Nesses casos, houve uma queda significativa na taxa de detecção de adenomas. Antes da implementação da IA nos centros, foram identificados adenomas em 226 de 795 (28,4%) colonoscopias. Após a introdução da tecnologia, esse número caiu para 145 detecções em 648 (22,4%) exames realizados.

O estudo destaca que, no período em que a IA começou a ser usada, houve uma proporção maior de pacientes do sexo masculino e um uso maior de sedação, dois fatores associados a um aumento na TDA. Mesmo assim, a taxa diminuiu após a introdução da IA, o que torna a queda observada ainda mais relevante.

Gustavo Zaniboni, fundador da empresa de consultoria em inteligência artificial Redcore, explica que sistemas de IA para auxiliar em diagnósticos médicos, especialmente por imagens, já são utilizados há bastante tempo.

Segundo o especialista, esses sistemas funcionam principalmente como indicativos do local onde se deve olhar, e não como substitutos do diagnóstico completo.

“Um modelo desse tipo não vai dizer ‘aqui tem um câncer’. Ele mostra onde tem mais chance de ter algo suspeito para que o profissional olhe com atenção,” disse Zaniboni.

O que ocorre com o uso prolongado desses sistema, segundo ele, não é o esquecimento da habilidade, mas uma perda gradual dela em decorrência da falta de prática.

“Se você tem uma rotina que te dá habilidade, se você deixa de praticar, você perde essa habilidade.

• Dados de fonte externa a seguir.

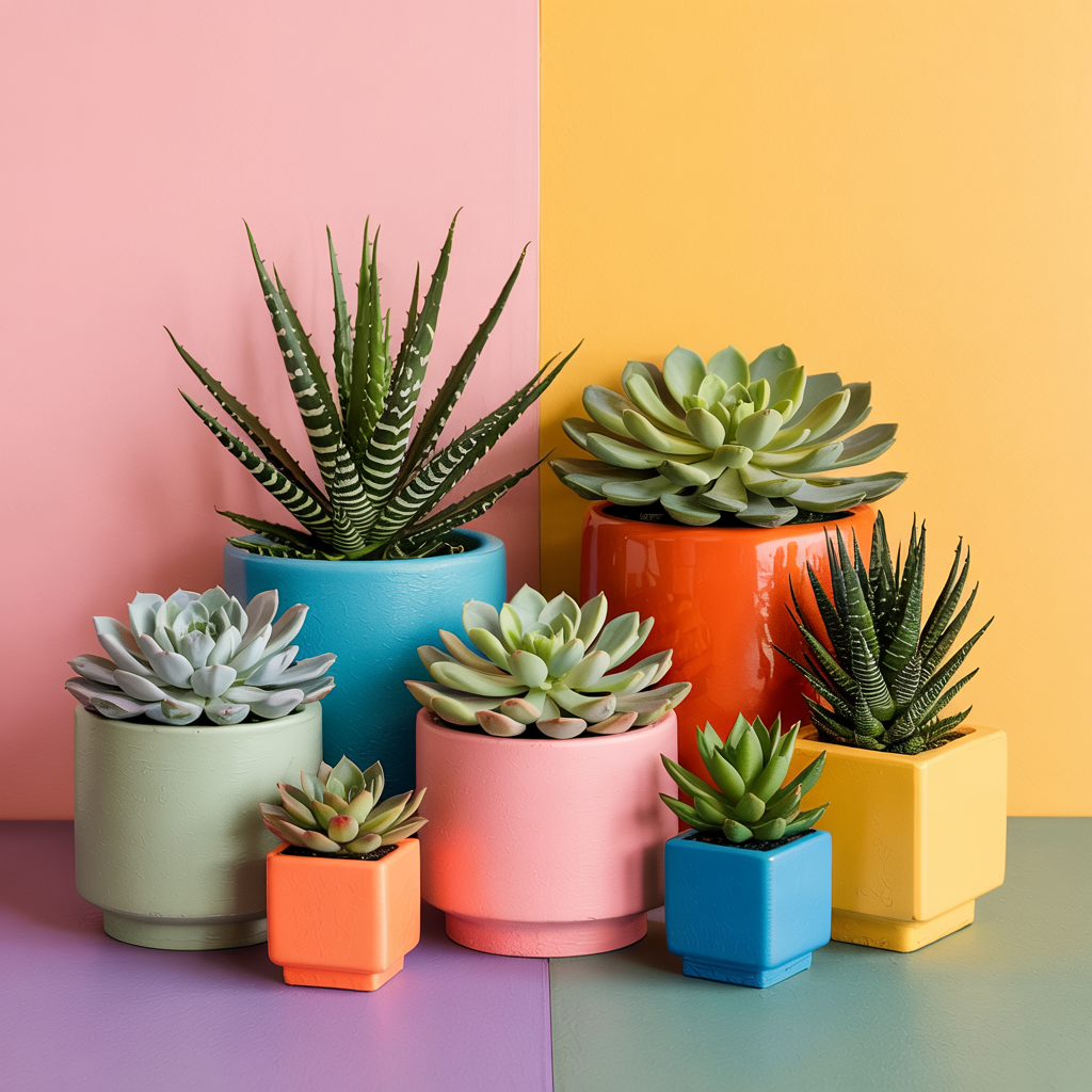 Group planters of different blocky shapes and paint each one in a distinct color. Use succulents for simple care.

Então a IA não destreina o humano a identificar o problema. Ela destreina o humano a encontrar aonde olhar para identificar o problema.”

Zaniboni alerta para o risco da perda da capacidade humana devido à dependência da IA, semelhante ao que ocorre com pilotos de avião que usam piloto automático na maioria dos voos e têm menos prática no modo manual. A prática constante é necessária para manter as habilidades. Se não for exercitada, a habilidade se perde com o tempo.

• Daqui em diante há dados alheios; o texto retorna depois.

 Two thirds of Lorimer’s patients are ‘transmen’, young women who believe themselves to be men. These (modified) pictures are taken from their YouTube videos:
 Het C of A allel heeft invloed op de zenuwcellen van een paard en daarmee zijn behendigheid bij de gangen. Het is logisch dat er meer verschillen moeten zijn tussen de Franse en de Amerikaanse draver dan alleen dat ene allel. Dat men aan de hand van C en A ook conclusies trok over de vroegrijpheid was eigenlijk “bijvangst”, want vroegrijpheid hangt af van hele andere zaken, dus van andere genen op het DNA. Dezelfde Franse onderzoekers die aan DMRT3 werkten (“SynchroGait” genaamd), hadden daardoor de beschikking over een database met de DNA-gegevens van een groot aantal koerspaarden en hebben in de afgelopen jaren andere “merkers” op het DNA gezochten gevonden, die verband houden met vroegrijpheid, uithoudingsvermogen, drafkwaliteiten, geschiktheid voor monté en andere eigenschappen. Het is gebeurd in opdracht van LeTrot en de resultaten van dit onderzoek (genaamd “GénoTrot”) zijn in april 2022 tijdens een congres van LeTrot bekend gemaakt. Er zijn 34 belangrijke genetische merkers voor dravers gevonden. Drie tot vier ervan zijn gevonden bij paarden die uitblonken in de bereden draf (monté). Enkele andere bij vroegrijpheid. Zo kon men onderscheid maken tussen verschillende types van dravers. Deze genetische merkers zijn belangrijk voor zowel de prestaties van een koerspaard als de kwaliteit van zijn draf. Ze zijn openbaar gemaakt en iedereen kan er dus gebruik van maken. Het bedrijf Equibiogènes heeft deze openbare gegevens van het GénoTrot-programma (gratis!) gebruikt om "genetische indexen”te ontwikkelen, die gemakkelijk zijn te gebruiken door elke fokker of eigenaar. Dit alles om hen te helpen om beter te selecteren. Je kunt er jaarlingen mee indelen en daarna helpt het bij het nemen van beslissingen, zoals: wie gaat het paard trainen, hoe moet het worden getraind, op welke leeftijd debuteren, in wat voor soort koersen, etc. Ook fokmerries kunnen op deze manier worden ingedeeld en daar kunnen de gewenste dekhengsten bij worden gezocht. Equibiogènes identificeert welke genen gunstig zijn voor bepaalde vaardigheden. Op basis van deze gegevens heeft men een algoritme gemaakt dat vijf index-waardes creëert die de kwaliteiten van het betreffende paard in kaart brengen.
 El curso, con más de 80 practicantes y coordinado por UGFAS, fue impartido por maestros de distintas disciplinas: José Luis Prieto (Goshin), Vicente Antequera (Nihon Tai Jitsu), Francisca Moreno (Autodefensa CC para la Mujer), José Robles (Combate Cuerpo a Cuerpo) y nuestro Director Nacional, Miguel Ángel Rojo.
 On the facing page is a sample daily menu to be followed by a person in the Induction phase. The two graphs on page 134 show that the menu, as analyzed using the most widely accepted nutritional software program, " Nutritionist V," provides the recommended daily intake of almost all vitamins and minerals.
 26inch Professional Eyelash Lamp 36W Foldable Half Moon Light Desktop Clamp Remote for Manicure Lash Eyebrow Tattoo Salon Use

Os autores afirmam que existem algumas limitações no estudo. Como se trata de uma pesquisa observacional, a comparação entre os grupos pode ter sido influenciada por diferenças clínicas não controladas, apesar das tentativas para diminuir esse viés. Além disso, foi utilizado apenas um sistema específico de IA, o que dificulta a generalização dos resultados para outras tecnologias similares.

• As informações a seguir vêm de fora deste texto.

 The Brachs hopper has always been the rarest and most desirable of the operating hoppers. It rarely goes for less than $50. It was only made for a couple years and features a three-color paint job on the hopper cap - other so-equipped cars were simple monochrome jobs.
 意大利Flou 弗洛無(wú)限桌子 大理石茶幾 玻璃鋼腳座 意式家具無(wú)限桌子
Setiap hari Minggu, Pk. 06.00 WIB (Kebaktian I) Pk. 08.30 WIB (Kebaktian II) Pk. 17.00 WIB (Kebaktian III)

Outro ponto relevante é que o estudo incluiu somente endoscopistas experientes, deixando em aberto o impacto da IA em profissionais em formação. Também houve variabilidade no número de exames realizados por cada médico, o que pode ter interferido na análise individual.

“Precisamos urgentemente de mais pesquisas sobre o impacto da IA nas habilidades dos profissionais de saúde em diferentes campos médicos”, diz Romańczyk.

Pesquisadores da Uesb (Universidade Estadual do Sudoeste da Bahia) publicaram um artigo na revista Bioética que traz um panorama sobre estudos realizados nos últimos cinco anos na intersecção IA, bioética e saúde.

O trabalho identificou riscos do uso de IA na prática médica, como a redução do pensamento crítico do profissional ao usar a tecnologia passivamente, bem como o distanciamento que a ferramenta pode trazer para a relação profissional-paciente e questionamentos sobre quem será responsabilizado se a IA causar efeitos negativos ao paciente.

O estudo ressalta a preocupação com o chamado “paternalismo de máquina”, quando decisões automatizadas sobrepõem-se à autonomia e ao julgamento de médicos e pacientes.

Embora a IA possa servir de apoio, os autores afirmam que ela não substitui a relação humana, a empatia e a análise crítica insubstituíveis no cuidado em saúde.